A lot of the merchandise invites you to try it on right there on the floor, like a warm charcoal cable knit cardigan ($138), a leather bomber ($298) or a hip-length cargo jacket on sale for $49.99. This was a total of about 360 euros, and if I were a literature grad student visiting from Strasbourg, I would have bought all three and then gone home and worn them while smoking loose tobacco cigarettes and reading Houellebecq.
Mixed in with those updated items were some gross familiars from yesteryear: baseball hats with the word GAP sewn on the front ($16.50) and khaki cargo pants with lumpy thigh pockets ($44.50). One look at those items and I wanted to breathe into a paper bag.
But then I slipped on the gray tweed blazer ($108). Unfortunately it bunched up at the shoulders and looked a little less svelte on me. I selected a bunch of other garments to try on and headed back to the dressing rooms.

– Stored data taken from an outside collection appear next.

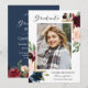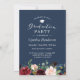 Burgundy Floral Navy Blue Photo Graduation Party Invitation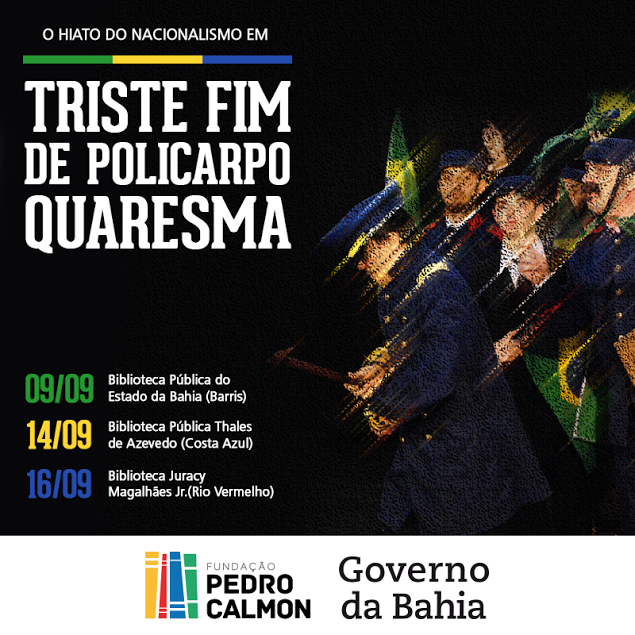 A Fundação Pedro Calmon/Secretaria de Cultura do Estado da Bahia (FPC/SecultBa), através do Sistema de Estadual de Bibliotecas Públicas (SEBP) promove nos dias 09, 14 e 16 de setembro, sempre das 9h às 12h, uma série de debates com o tema “O hiato do Nacionalismo em Triste Fim de Policarpo Quaresma”, de Lima Barreto. Os debates são uma homenagem ao centenário da obra e são abertos ao público.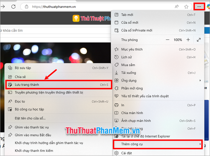 Bước 1: Mở trang web bạn muốn lưu trên trình duyệt, sau đó chọn biểu tượng tùy chỉnh và thiết lập → Thêm công cụ → Lưu trang thành (tuỳ thuộc vào trình duyệt bạn đang sử dụng mà cách chọn lưu trang có thể khác nhau, hoặc bạn có thể nhấn Ctrl + S để mở nhanh tính năng lưu trang trên tất cả các trình duyệt).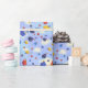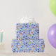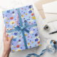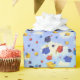 Colourful graduation caps are tossed into the air and shown against a blue sky with puffy clouds.  Perfect for wrapping graduation gifts!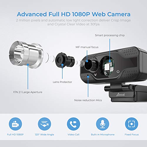Built-in Two Noise Reduction Microphone: Aoozi smart 1080P internet camera is supplied with an omnidirectional microphone that fiter background noise, pick out up your voice at 10ft distance, very best for online teaching, blogging, conferencing, Live streaming, video calling, social gaming.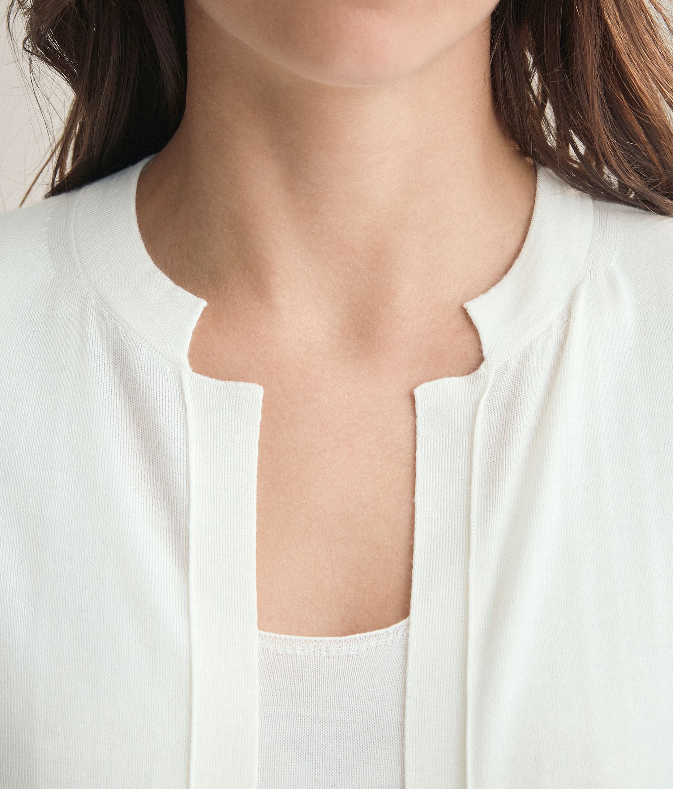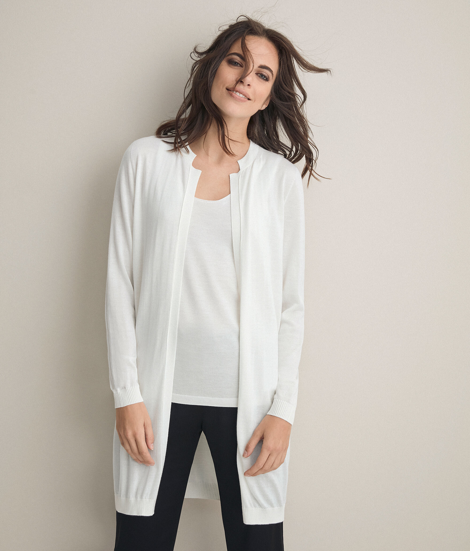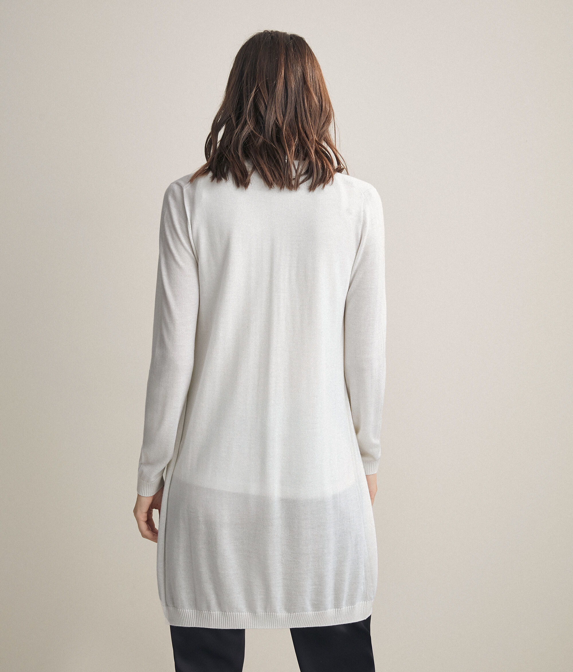 Maxi open cardigan with rever cut crew neck in lightweight cashmere. Model is 179 cm tall and wears a size MChest: 88cm / Waist: 67cm / Hips: 94cm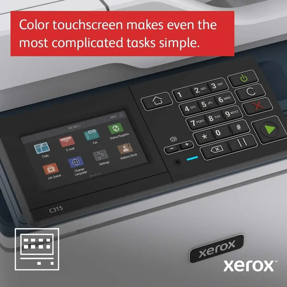 The Xerox C315/DNI has a relatively modest paper tray capacity, which may require frequent refilling in high-volume environments. Its fax capabilities are basic compared to dedicated fax machines. The device may have slower first-page-out times when compared to some competitive models. High-resolution color print costs can be higher due to toner consumption. Some users might find the touchscreen interface less intuitive compared to other models with advanced user interfaces. Firmware updates may occasionally be required to fix connectivity or functional bugs.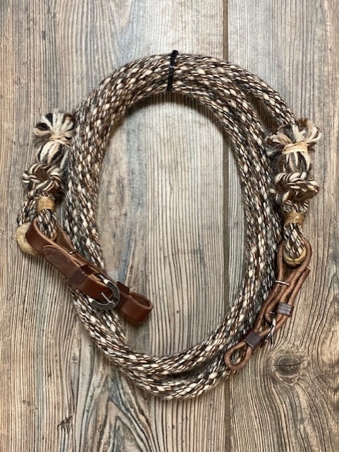 T3 Weavers 5/8″ Alpaca Loop Rein. 9.5′ Long. Leather Slobber Straps.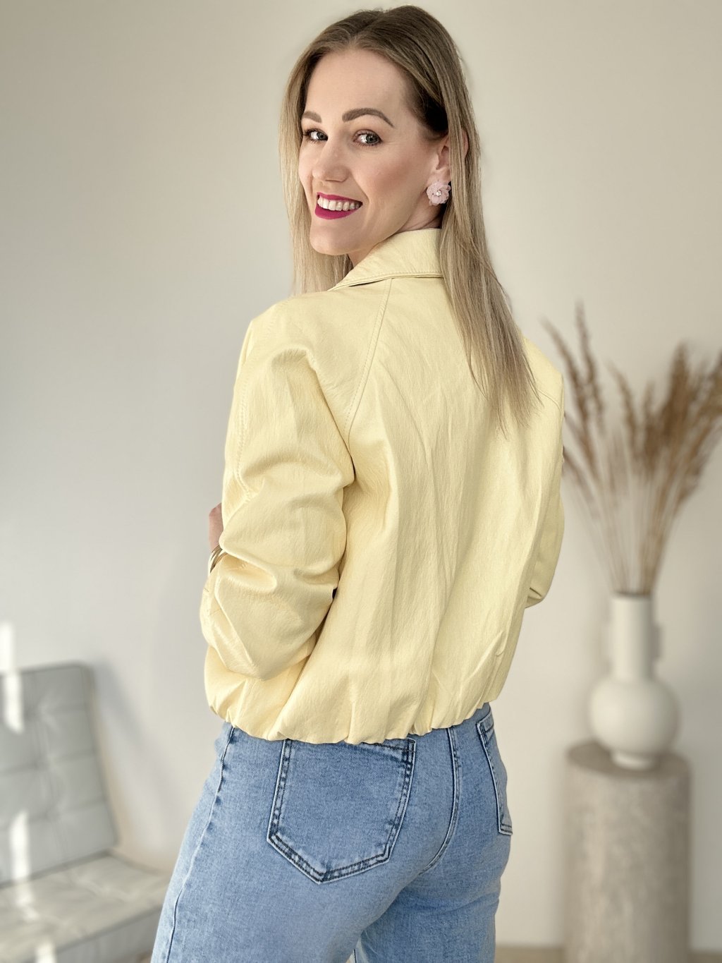 Štýlová prechodná bobmer koženková bunda, má klasický golier a zapínanie na cvoky a v páse sťahujúcu gumičku. Táto bunda je vyrobená z materiálu, ktorý pripomína kožu, čo je obľúbený kúsok ktorý sa hodí do dámskeho šatníka a dá sa nosiť po celý rok.

In the big bright room, I could tell the clothes had Robinson's touch. A T-shirt ($16.50) in an emerald color had a nice bicep-hugging upper body. A pair of slim-fit dress pants ($68) would look clean and impressive on a first date. A white button-down fit adequately, and for $39.50, it was a perfect purchase for someone who works in catering or an office and needs at least to pretend to care about his job. I liked the way a cashmere V-neck fit (on sale for $29.90), although it had a strange seam along the sides as if it were inside out.
Before I made any decisions, I went to Gap Kids on the top floor to scout for future Kooky Uncle Mike gifts. Boy's crew-neck waffle shirts were on sale, two for $25. In Baby Gap a cute cotton cable-knit pullover was $34.50, and an adorable tweed toggle coat with a wool-lined hood was $54.50. Perfectly dressed mannequins appeared amid the racks and tables, as well as illuminated photos of happy children in quirky poses. As everywhere in the store, I found the sales clerks busy folding and helping out customers — they seemed helpful, alert and in surprisingly good moods.
IN the women's section on the second floor, two Spanish ladies gesticulated wildly over a trench coat, while four women who seemed to be from an exotic cash-rich country known as Texas had exhausted themselves with browsing. "Whooee, I'm going to sit down right here," one of them in big gold earrings said. (Gap astutely placed the women's and kid's sections on the upper levels, understanding that most men will exert as much effort browsing for clothing as it takes them to open a bottle of beer.)
As on the first floor, the mannequins were puzzlingly stylish and sexy. The female form displayed by Gap Body, the brand's line of soft, cottony feminine warm-up styles, looked like a shapely yogic zombie of Christy Turlington, still walking after she was beheaded. Somehow, the striped henley she had on looked gorgeously fitted.
Upon closer inspection, I realized that the mannequin's shirt was tucked in the back to give it the illusion of a slimmer fit. I ran downstairs to the male mannequins. Nearly all of the garments were meticulously gathered into a pleat in the back, even the tweed jacket I had tried on. I pulled at the jacket and the form went from svelte to normal in two tugs.
I've noticed this tactic in other stores: clipping or tucking the clothes to make the garments seem as if they are gloriously tailored, and it always drives me crazy. It is my hope that during the next presidential administration I can form the Truth in Visual Merchandising Commission and put an end to this travesty. Be warned, retailers: End this deceitful practice now! Either stop clipping or tucking your clothes, or get fatter mannequins!
Even so, I ended up buying two slim-fit shirts: a light blue oxford for $39.50 and a plaid button-down on sale for only $12.97. They actually fit nicely on my human-shape torso. Then, I walked out onto Fifth Avenue, crowded with European shoppers, and listened to the lilting cadences of the many Romance languages. I bet all of them were talking about the exchange rate.